The sixth and seventh innings have been trouble spots for the Blue Jays all season. Their relievers have a 4.98 ERA in the sixth inning (12 earned runs in 21.2 innings) and a 4.75 mark in the seventh (35 runs, 28 earned in 53 innings), underling the challenge Gibbons has had getting the ball to Grilli and closer Roberto Osuna.

“We’ll use him to get to Grilli and Osuna,” Gibbons said of Benoit.

The Blue Jays do have a level of depth at triple-A Buffalo they’ve long lacked with Bo Schultz, Ryan Tepera, Aaron Loup and Pat Venditte. There’s some protection there.
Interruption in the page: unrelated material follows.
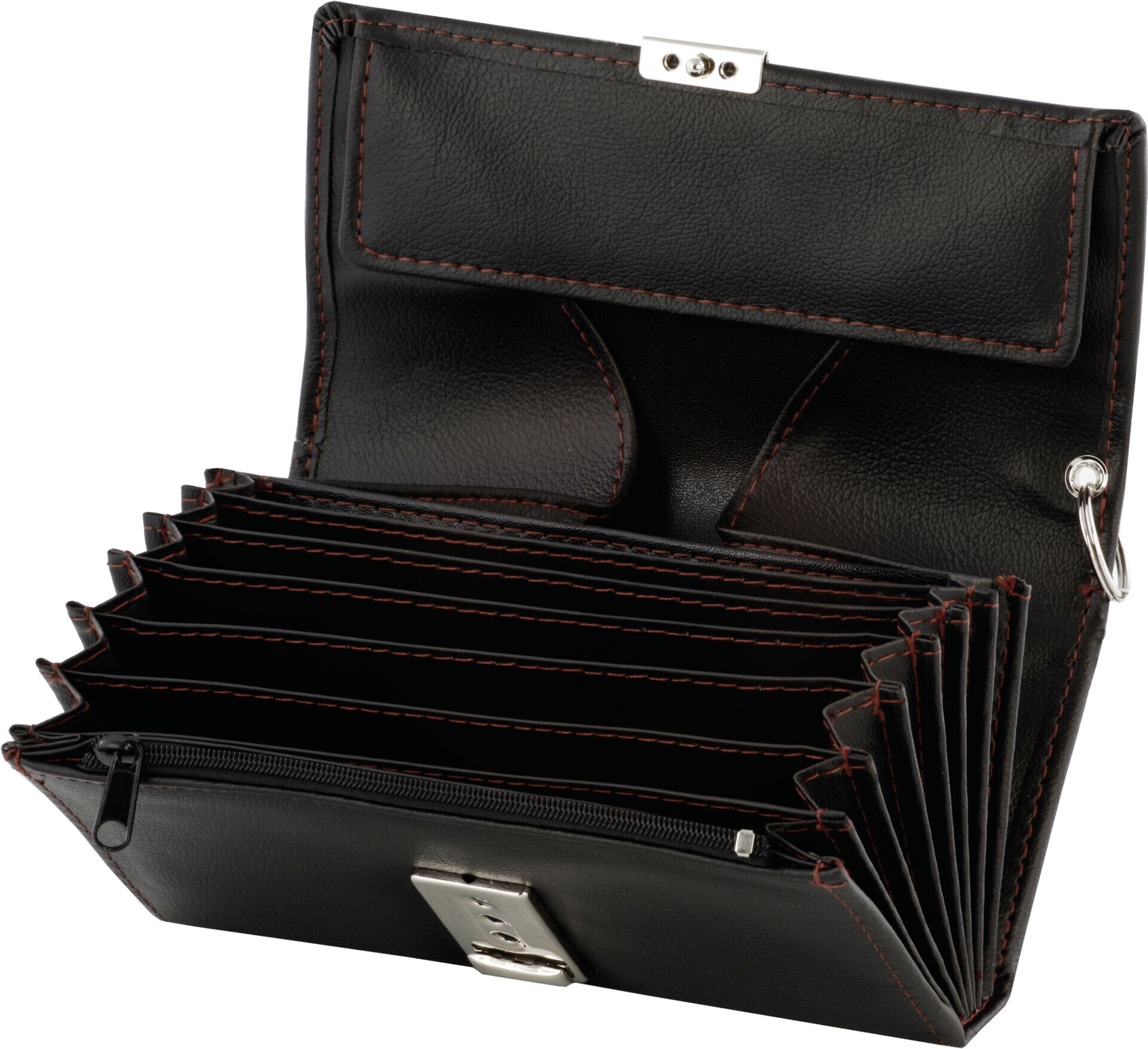 Kunstleder/Feinsynthetik, schwarz, braun abgenäht. Kellnerbörse inkl. Schlüsselkette mit Karabiner, besteht aus: 1x Münzfach, 7x Scheinfach, 1x Reißverschlussfach, 1x Steckfach an der Rückseite. Revolvertasche bestehend aus 1x Fach für die Kellnerbörse und 1x Zusatzfach für Notizblock und Kugelschreiber.

But of that group, Schultz is probably the only arm with difference-making potential.

“Obviously we’ve got some guys we can call up in a pinch,” said Walker. “But having some veteran guys in this bullpen, we’ve seen what Grilli’s done so far and he was coming off a tough situation in Atlanta, and now with Benoit, we hope that’s the same for him, kind of like a reset, an opportunity to turn things around and contribute to a team that’s contending. …

“You get guys with experience and that’s a huge factor for us, guys that have pitched in big games, have a lot of major-league experience, have been around,” added Walker. “They know how to compete and what it takes to build a bullpen with chemistry where guys pull for each other. That’s been evident with Grill and I’m sure Benoit will only add to that.”

Maybe that holds true, and Benoit is the answer, and the rotation holds up. But the Blue Jays will be taking a risk, perhaps a dangerous one, waiting to find out.